I am reluctant to implement $CDPATH support. Having a search path so that when you "cd frog" it finds /usr/ranunculus/diseases/frog is just _weird_. That said, someday an actual user of it might show up and change my mind.
> > Then I think one can leave out step 5 on susv4's page on> > cd, and "cd ." is no more special than "cd dir"; it does a chdir to> > "$PWD/." > > or "$PWD/dir" respectively and then updates $PWD to its canonical > > form. (and > > modifies $OLDPWD also if necessary) > > Um, steps 4 and 8 are the ones that say cd . and .. are special? Step 4 means that $CDPATH shouldn't be taken into account when you do something like "cd ./dir" or "cd ../dir".
$CDPATH is not the same as $PWD. $CDPATH is a _search_path_ for cd. You know how when you run an executable it searches $PATH? Apparently when you cd to a directory it searches $CDPATH. Who knew?
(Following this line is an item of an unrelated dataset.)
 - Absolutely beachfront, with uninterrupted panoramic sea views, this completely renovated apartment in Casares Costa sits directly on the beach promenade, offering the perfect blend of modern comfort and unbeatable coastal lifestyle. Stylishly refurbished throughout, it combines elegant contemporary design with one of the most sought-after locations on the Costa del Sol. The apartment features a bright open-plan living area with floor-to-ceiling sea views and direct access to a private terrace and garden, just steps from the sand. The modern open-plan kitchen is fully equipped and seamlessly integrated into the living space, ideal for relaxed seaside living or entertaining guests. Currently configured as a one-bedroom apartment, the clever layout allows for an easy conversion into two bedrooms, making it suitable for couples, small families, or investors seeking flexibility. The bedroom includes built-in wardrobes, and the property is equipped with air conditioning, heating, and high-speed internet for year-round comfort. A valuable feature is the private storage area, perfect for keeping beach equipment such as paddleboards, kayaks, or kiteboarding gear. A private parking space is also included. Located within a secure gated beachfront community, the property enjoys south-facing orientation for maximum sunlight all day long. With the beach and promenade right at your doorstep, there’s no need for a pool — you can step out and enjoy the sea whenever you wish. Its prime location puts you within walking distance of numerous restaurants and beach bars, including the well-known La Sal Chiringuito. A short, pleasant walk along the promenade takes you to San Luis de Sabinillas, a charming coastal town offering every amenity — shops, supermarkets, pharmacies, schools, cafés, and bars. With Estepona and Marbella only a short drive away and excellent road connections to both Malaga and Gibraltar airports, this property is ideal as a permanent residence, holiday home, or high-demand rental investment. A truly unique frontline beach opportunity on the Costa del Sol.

I didn't, and I've been using unix variants since the late 80's. (Well, if you count Vax Eunice on my father's work machine which had an amiga software library on it and xmodem. If you count _actual_ unix, more like 1992.)
In Step 8 the usual formal processes of simplifying a path (by
removing "."
dot components and so on) described.
Of course here "." and ".." are treated specially, but this treatment
affects only $PWD, since chdir("/some/dir/.") should do the same as
chdir("/some/dir").
I'm only talking about $PWD.
Step 9 looks like fun...
I have an epic todo list for toysh. "cd" is a shell command, thus part of toysh.
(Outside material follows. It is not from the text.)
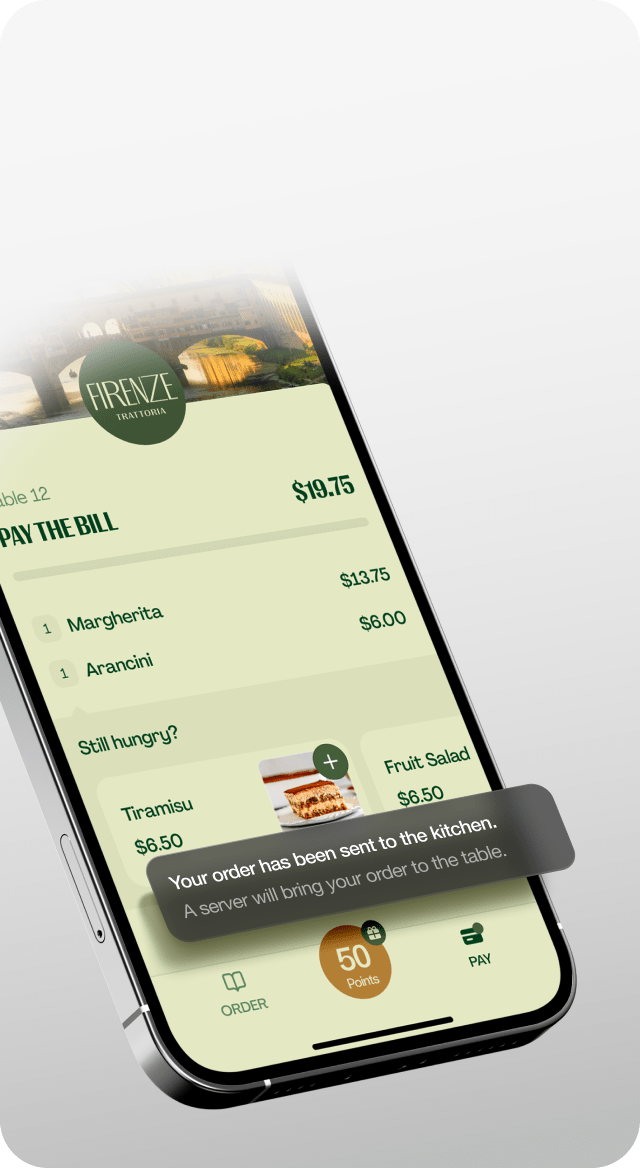 Reorder with ease. At any time, your customer can add a new drink, a dessert, or whatever they want to their bill.

Part of the reason I haven't been dinking at it in small amounts is there's so much context to keeps traight in your head I should probably buckle down and focus on just the shell for a couple months at some point, and right now the same effort completes multiple smaller commands.
That said, I should do the basic cleanup pass (remove toybuf dependency that imposes command line length limitations), add basic environment variable support, start on conditionals (if/while/for)...
But I need to finish the cleanup pass on cp. And finish the losetup/umount/mount chain. And review the pile of commands that are already in but not properly cleaned up. And figure out why current toolchains stopped doing proper dead function elimination (a toybox with just "true" on x86-64 is 15k! That's ridiculous. Admittedly a main() that does nothing but "return 1", built with -s -Os is 6k. That's gcc+glibc for you. But still, that extra 9k is sad. And if you objdump -d a toybox built with gcc 4.2.1 it hasn't got parse_optflags() in it, but one built with ubuntu's current gcc does. Yup, upstream toolchain regression in the ability to eliminiate dead code. The <strike>aristocrats</strike> free software foundation!